De’lour/ Florence Black The Tivoli 10/04/26

Fortunately, the drive from Bury in Lancashire to The Tivoli in Buckley didn’t involve too many of Wales’ now infamous 20mph zones, because if it had, Florence Black’s set would’ve felt like it was over quicker than the journey. As it turned out, the band still managed to outpace the Welsh Government’s sense of speed regulation, delivering a performance that moved with far more urgency than any stretch of road you’ll find west of the border.
Photo wristband collected, I slipped inside and found myself among the first in. It’s always a strange privilege seeing a venue like The Tiv before the bodies, noise and heat transform it into something else entirely.

Starting life in the 1920s as a cinema and theatre, built on the site of the old Central Hall. The Tivoli ran as a picture house until 1961, before being reborn in the mid 60’s as a dance hall and cabaret venue. Through the 70s, 80s, and 90s it evolved again, becoming a nightclub and eventually a full time live music venue, hosting everyone from Led Zeppelin and Black Sabbath to a famously wild Oasis show in 1994. Today, it stands as one of North Wales’ most iconic grassroots venues and with Florence Black rolling into town and bringing South Wales newcomers De’Lour along for the ride, The Tiv was always going to feel alive tonight.

Walking out in a support slot can be a thankless task at times. You’re playing to a room that’s still filling, to people who may not know your name, and to fans who are saving their energy for the main event, but De’Lour didn’t walk out like a band trying to win people over. They walked out like a band who already knew that they belonged there. What stood out most was their intent. Every track felt purposeful. They didn’t want to be there just to pad out the evening, so poured everything they had into a room that quickly realised they were worth paying attention to.

The Tiv crowd, famously honest and occasionally hard to impress, shifted from polite interest to full engagement within minutes. Heads started nodding.
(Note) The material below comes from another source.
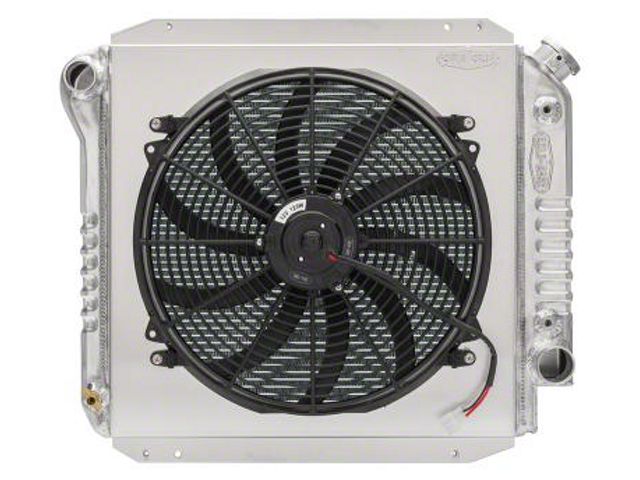 1966-1977 Ford Bronco Aluminum Performance Radiator with thinner core with 16 inch Fan and Shroud Kit. These COLD-CASE radiators are Tig welded 100 percent aluminum and absolutely beautiful.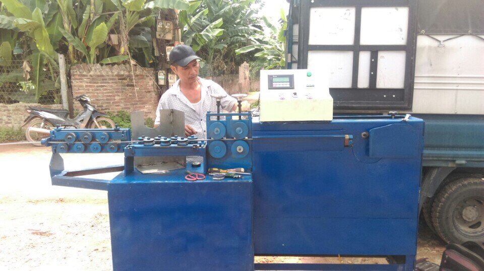 - Nhấn nút nhấn ‘START’ trên tủ điện để chạy máy, sản xuất sản phẩm đai sắt.

People moved closer. Phones came out. You could feel the room warming to them track by track, and by the time they hit their final song, De’Lour weren’t just the opener anymore. They were a band who had carved out their own moment, proving that South Wales continues to produce bands that really have a lot to say.

Florence Black didn’t walk onto that stage. They arrived. The moment the lights dropped and the first riff tore throughout The Tiv, the entire room snapped into focus. It was the kind of opening that doesn’t ask for your attention. It takes it. Instantly, cleanly and completely.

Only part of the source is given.